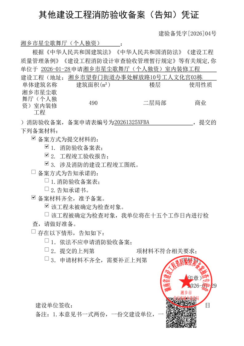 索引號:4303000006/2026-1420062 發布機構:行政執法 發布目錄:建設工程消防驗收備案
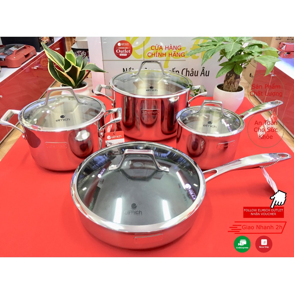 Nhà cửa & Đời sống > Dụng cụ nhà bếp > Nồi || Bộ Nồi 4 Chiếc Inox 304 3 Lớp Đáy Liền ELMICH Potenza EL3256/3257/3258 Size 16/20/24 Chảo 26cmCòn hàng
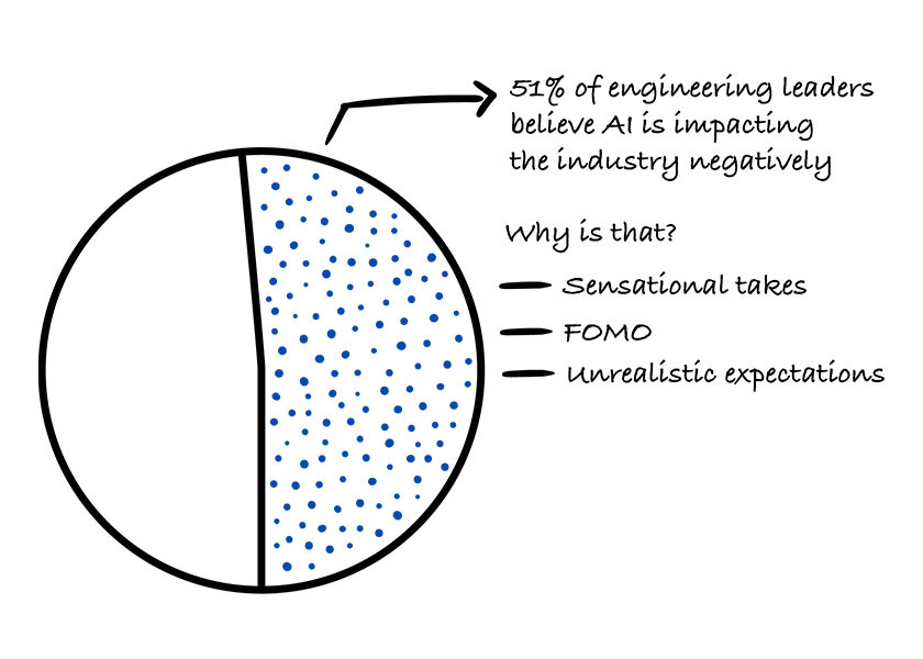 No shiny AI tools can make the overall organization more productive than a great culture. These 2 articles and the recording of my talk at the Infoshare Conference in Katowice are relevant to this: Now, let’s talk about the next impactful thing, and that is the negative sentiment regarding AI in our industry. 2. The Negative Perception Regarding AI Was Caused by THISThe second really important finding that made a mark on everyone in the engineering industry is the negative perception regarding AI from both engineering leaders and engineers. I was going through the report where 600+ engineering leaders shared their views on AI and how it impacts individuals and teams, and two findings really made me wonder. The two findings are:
———
- [Required work]: An exact transcription of the material is required, without any pictures.

- [Solution]:
 索引號:4303000006/2026-1420062 發布機構:行政執法 發布目錄:建設工程消防驗收備案
 Nhà cửa & Đời sống > Dụng cụ nhà bếp > Nồi || Bộ Nồi 4 Chiếc Inox 304 3 Lớp Đáy Liền ELMICH Potenza EL3256/3257/3258 Size 16/20/24 Chảo 26cmCòn hàng
 No shiny AI tools can make the overall organization more productive than a great culture. These 2 articles and the recording of my talk at the Infoshare Conference in Katowice are relevant to this: Now, let’s talk about the next impactful thing, and that is the negative sentiment regarding AI in our industry. 2. The Negative Perception Regarding AI Was Caused by THISThe second really important finding that made a mark on everyone in the engineering industry is the negative perception regarding AI from both engineering leaders and engineers. I was going through the report where 600+ engineering leaders shared their views on AI and how it impacts individuals and teams, and two findings really made me wonder. The two findings are:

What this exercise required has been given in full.